Quick script to scrape the Christchurch City Council cycling data from https://smartview.ccc.govt.nz/map/layers/ecocounter
The data directory contains a sample of the cycle count data.
TODO: The data may be updated nightly and made available on GCP in parquet and duckdb formats.
To run the scraper script install poetry and Python3.11+.
From a terminal, install the dependencies, enter the virtual environment, and run the main
script with:
poetry install
poetry shell
python main.py
- Python script to get the data and make available as a CSV/parquet file.
- Run nightly (GCP Build Job, Cloud Task) and upload data somewhere public.

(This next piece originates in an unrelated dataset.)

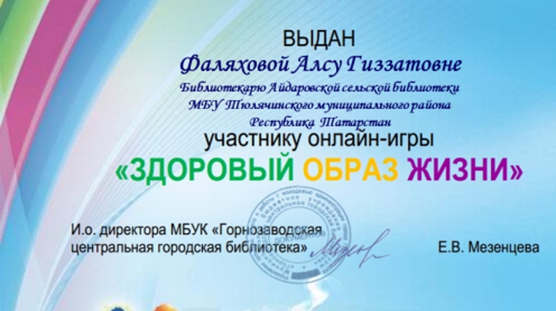 Теләче районы Айдар авыл китапханәсе "Сәламәт яшәү рәвеше"дип исемләнгән онлайн-уенда катнашты. Акциянең оештыручысы-Горнозавод Үзәк шәһәр китапханәсе.

- Metabase Dashboard (Add people who care as Admin)
Live version of this graph
After you have run the main.py
script you will have a local duckdb database with current data that
you can query directly.
You can also download mine from https://storage.googleapis.com/hardbyte-ccc/duck.db or, query the parquet data which I commit to the repository.
Install duckdb - https://duckdb.org/docs/installation/index and start a DB console with:
duckdb duck.db
Some example SQL queries:
$ duckdb -s "select name, value from 'data/cycling-counters.parquet' where date = today() order by value desc limit 10;"
┌──────────────────────────┬───────┐
│ name │ value │
│ varchar │ int32 │
├──────────────────────────┼───────┤
│ Eco Display Total Counts │ 1956 │
│ South Hagley Park │ 1821 │
│ North Hagley Park │ 1619 │
│ Railway Cwy │ 904 │
│ University Dr │ 891 │
│ St Asaph St │ 804 │
│ Antigua Street │ 759 │
│ Collins Street │ 702 │
│ Main Rd total cyclists │ 552 │
│ Cashmere Rd │ 550 │
├──────────────────────────┴───────┤
│ 10 rows 2 columns │
└──────────────────────────────────┘
select
sites.name, cycling_counts.date, cycling_counts.value
from
sites, cycling_counts
where
cycling_counts.site = sites.oid
and current_date - cycling_counts.date < 30
Ref https://duckdb.org/docs/sql/window_functions
select "Name", "Date", AVG("value") OVER (
partition by "site"
order by "Date" ASC
RANGE BETWEEN INTERVAL 3 DAYS PRECEDING
AND INTERVAL 3 DAYS FOLLOWING)
AS "7-day Moving Average"
from
sites, cycling_counts
where
cycling_counts.site = sites.oid
order by "Name", "Date"
Duckdb can output to csv/parquet and much much more. Ref https://duckdb.org/docs/sql/statements/copy
COPY (
SELECT
site, date, value, sites.name, sites.x, sites.y
FROM sites, cycling_counts
WHERE
cycling_counts.site = sites.oid
) TO 'data/cycling-counters.parquet' (FORMAT PARQUET);